In these 42 days, we will slowly unbox all that we have so painstakingly stored over the past decade and reveal our archives. Every day we will open and reveal a new segment. We will look at the prime elements of Péro — like the buttons that people identify us with or the hearts or the dolls. We will assign a room each to these elements — like the dolls of Péro, the hearts of Péro, button of Péro, textiles of People — and invite people to see our world.

 

India art fair connect

Initially, when we thought of doing things together, it was a collaboration between a fashion label and Art Fair. But eventually they realised that what we do is also a kind of art. So we thought of this showcase. Just like an artist works on his installation or art, we have our people working on each and every piece that comes out of Péro. Each of our garment is unique like any other art piece.
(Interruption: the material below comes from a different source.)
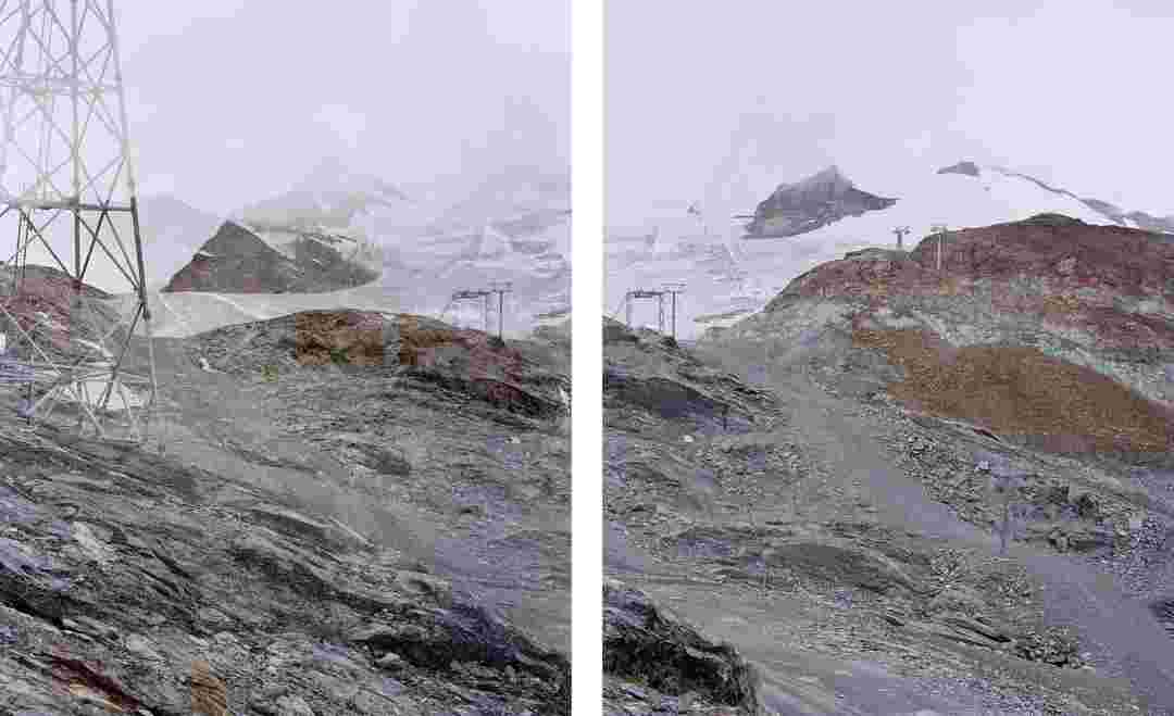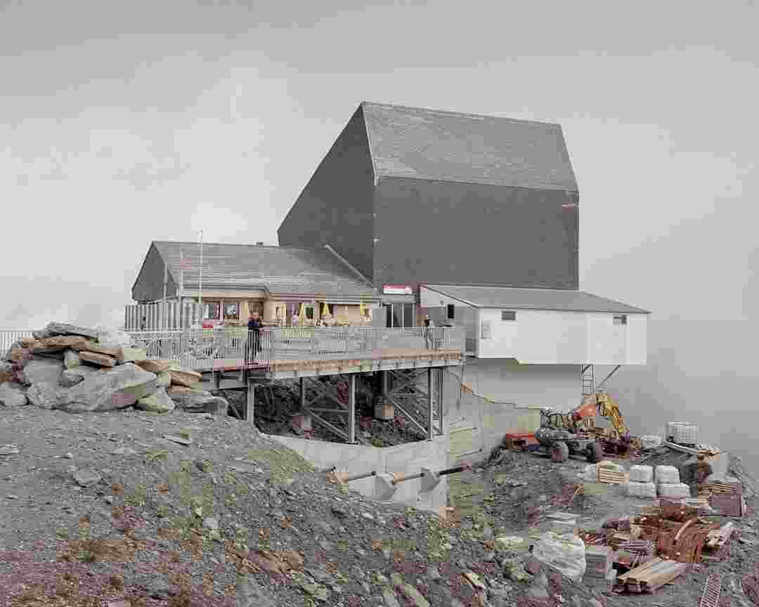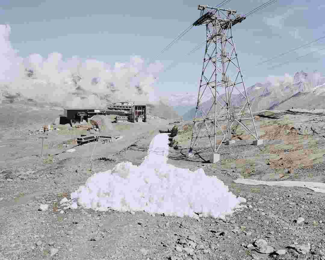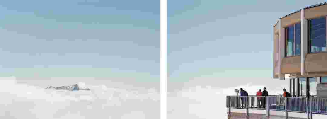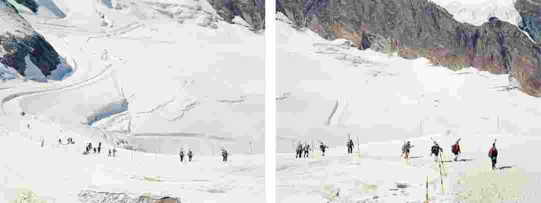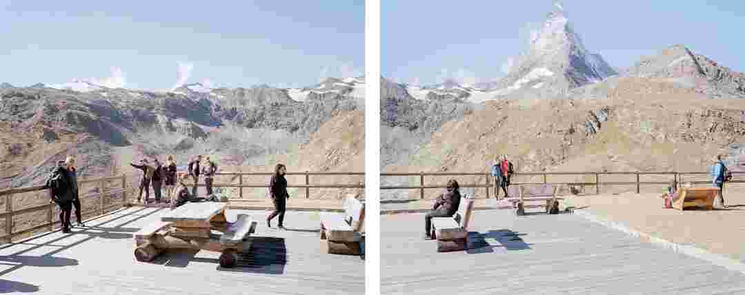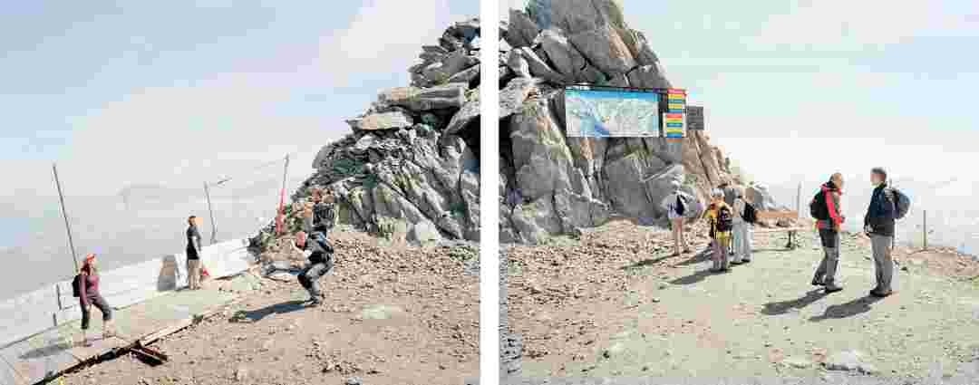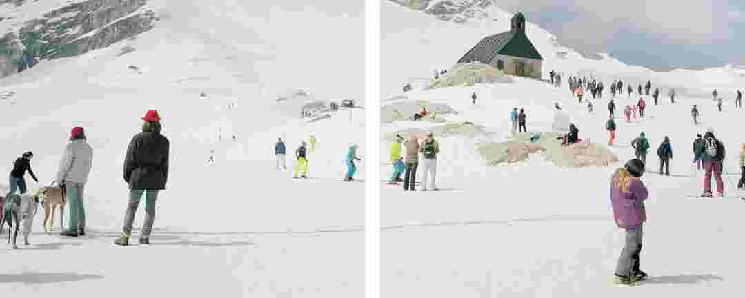Élements alpins explores the transformation of the Alps under the impact of infrastructure and human flows. The series shows how the once hostile mountains have become a hybrid space of rock and concrete, marked by mass tourism and human activity. The photographs capture crowds engaged in various activities, offering a quasi-anthropological perspective without promoting tourism, but rather suggesting that human occupation of the mountains is an irreversible modification, transforming the Alps into anonymous and interchangeable non-places. Through human constructions and flows, space and movements sometimes recreating a new spatial and temporal dimension. The role of the mountains is also questioned: they have become a place of exoticism and mass tourism, like the many visitors exploring the ice caves in the glaciers before they disappear in a very short time…

Unlike the usual Péro event, which is all fun and frolic, this event is a very quiet one. Visitors can clearly see that it is about understanding quality and time invested in it. And that is what makes everyone, including ourselves, pause.

 

Inspirations from other cultures

We do it all the time. If you look at the showcase garment, you will notice that the sleeves are Spanish and the yoke reminds you of a kediyu from Gujarat. Péro is all about mixing — we mix fabrics, we mix techniques, we also mix cultures.
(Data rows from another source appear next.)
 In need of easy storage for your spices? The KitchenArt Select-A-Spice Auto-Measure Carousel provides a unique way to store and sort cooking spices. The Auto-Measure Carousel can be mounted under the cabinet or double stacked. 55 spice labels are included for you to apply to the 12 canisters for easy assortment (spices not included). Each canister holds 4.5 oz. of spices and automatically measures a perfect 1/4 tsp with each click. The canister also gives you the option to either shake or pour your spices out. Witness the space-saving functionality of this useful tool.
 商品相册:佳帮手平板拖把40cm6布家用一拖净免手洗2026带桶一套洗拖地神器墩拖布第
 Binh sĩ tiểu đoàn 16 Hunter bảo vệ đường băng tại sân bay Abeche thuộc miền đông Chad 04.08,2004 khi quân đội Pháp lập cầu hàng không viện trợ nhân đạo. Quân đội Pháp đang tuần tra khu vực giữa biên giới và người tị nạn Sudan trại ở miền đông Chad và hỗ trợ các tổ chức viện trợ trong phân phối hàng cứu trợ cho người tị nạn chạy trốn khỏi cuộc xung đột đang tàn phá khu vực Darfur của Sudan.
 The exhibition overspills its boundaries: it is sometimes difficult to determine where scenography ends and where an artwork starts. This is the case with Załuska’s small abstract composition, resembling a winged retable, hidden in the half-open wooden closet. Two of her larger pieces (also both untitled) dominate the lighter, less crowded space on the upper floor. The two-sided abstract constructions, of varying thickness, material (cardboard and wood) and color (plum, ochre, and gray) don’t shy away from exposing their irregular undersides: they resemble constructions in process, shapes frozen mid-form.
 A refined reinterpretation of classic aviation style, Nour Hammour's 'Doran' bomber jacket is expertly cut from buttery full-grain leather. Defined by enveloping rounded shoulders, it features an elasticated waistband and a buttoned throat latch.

I always give the example of an angrakha. In India, you look at it as an ethnic garment because you know the context. But when it goes overseas, you see it as a wrap. Perhaps to be worn as an overlay with a pair of jeans and T-shirt. So we like to put the same piece out for people to interpret it in their own way. We are not emphasising on the fact that it is an Indian silhouette. Because it is mix of a lot of things, it is an angrakha with a European lace. The moment you put a garment outside its context, people look at it differently.

 

On being sustainable

This is the other part of our messaging. When you spend so much on a piece… so much that when you own it, it becomes like an heirloom. You take care of it. And because you own that beautiful piece, you don’t want more. And when you do give it to someone else, you also reduce the demand for that person.

That’s what we say about our clothes. When you own, let’s say, 10 of our beautiful couture pieces, you don’t feel the need to own more. Because we are not about fast fashion. And when people see a piece and they see that someone has spent time on it, they do not want to discard it and that is where sustainability comes, where we reduce fashion waste. You may spend more but you are really investing in quality and time.